Up until #8 I was pretty positive a new internal HD would fix the issue, now I am wondering if it is a cable card issue or even worse, some larger scale Tivo hardware issue. I am confused that both cable cards now produce the same issues/errors, could both happen to go bad and have the same issues at the same time (i have swapped them both into slot 1 and they produce the same results)?

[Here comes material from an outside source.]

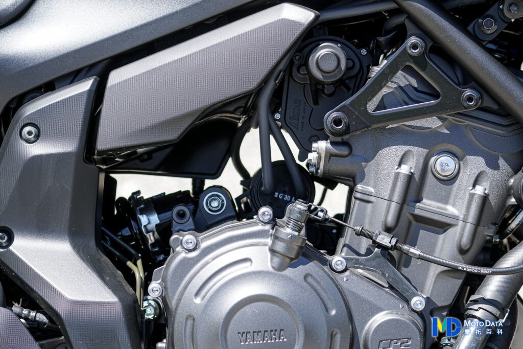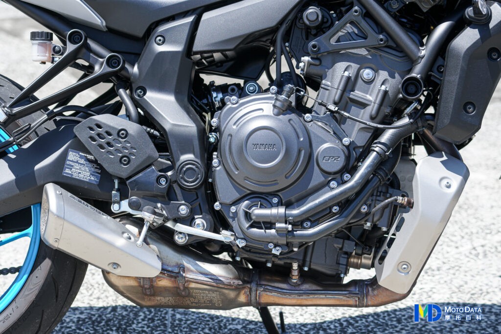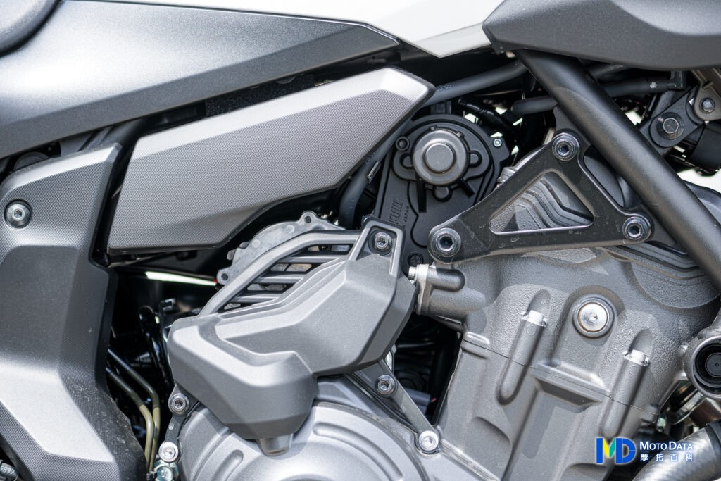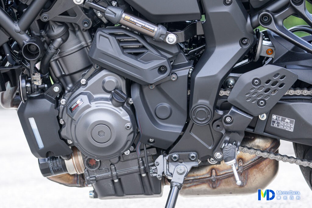 引擎表現方面,2025 MT-07 引擎一樣是使用 YAMAHA 的 CP2 並列雙汽缸十字曲軸水冷引擎,排氣量為 689c.c.,輸出最大馬力有 73.4hp @ 8,750rpm,最大扭力則有 6.9kgf-m @ 6,500rpm,扭力較上一代提升一點點,回到原有的 MT-07 水準,但更重要的是採用 YCC-T 之後,可以在引擎汽缸頭旁看到 Mikuni 製造的電子節流閥體,也因為四代的 MT-07 車台小修改以及節流閥改為電子節流閥的關係,引擎後方讓出巨大的空間給 Y-AMT 的機構安裝,同時這次引擎內也升級了輔助滑動式離合器,還有改變一至三檔齒輪的內齒齒數,並調整四至六檔的外齒加入導角,提升換檔的順暢與舒適度。

Another complicating factor is that I can't take time off to wait for Time Warner again, and they do not have any appointments on the next 2 weekends when I am available, meaning I could have a almost-non-working Tivo, plus no reception on most of my channels for at least 2 weeks so I am trying to figure out what is the best approach to getting this fixed ASAP and whether the feeling is if it is cable cards, hard drive or a bad tivo that needs to be replaced? If I wait for Time Warner for 2 weeks and I its not the cards, I have to get an new machine from TiVo which means I am out of luck until at least the 3rd week of December so getting really frustrated and would appreciate any advice on how to proceed.

Thanks in advance,
-Joe


----------



## richsadams

darklyte said:


> I apologize for this being a little long snip>


Based on your description, particularly 1 through 4, odds are it is the hard drive. However, if you can get your hands on two new cable cards before your new drive arrives I'd give that a shot. Cable cards can and do go bad. Cable card firmware upgrades can cause issues. New ones can be bad. Scientific Atlanta (SA) cable cards have a pretty long history of being problematic for forum members. Many cableco techs would just as soon blame TiVo as anything else; they have no vested interest in TiVo since they have their own DVR's, although it sounds like yours took some time to try and straighten things out. Why they didn't bring new cable cards with them is a mystery though. Sometimes if you press them and threaten to cancel their service (particularly for something else like FIOS) they'll magically come up with an opening in their schedule. Or there are the rare cable companies that will let you pick up cards from their office and install them yourself. It only requires slipping them in and calling in a couple of numbers easily found on the screen (instructions here).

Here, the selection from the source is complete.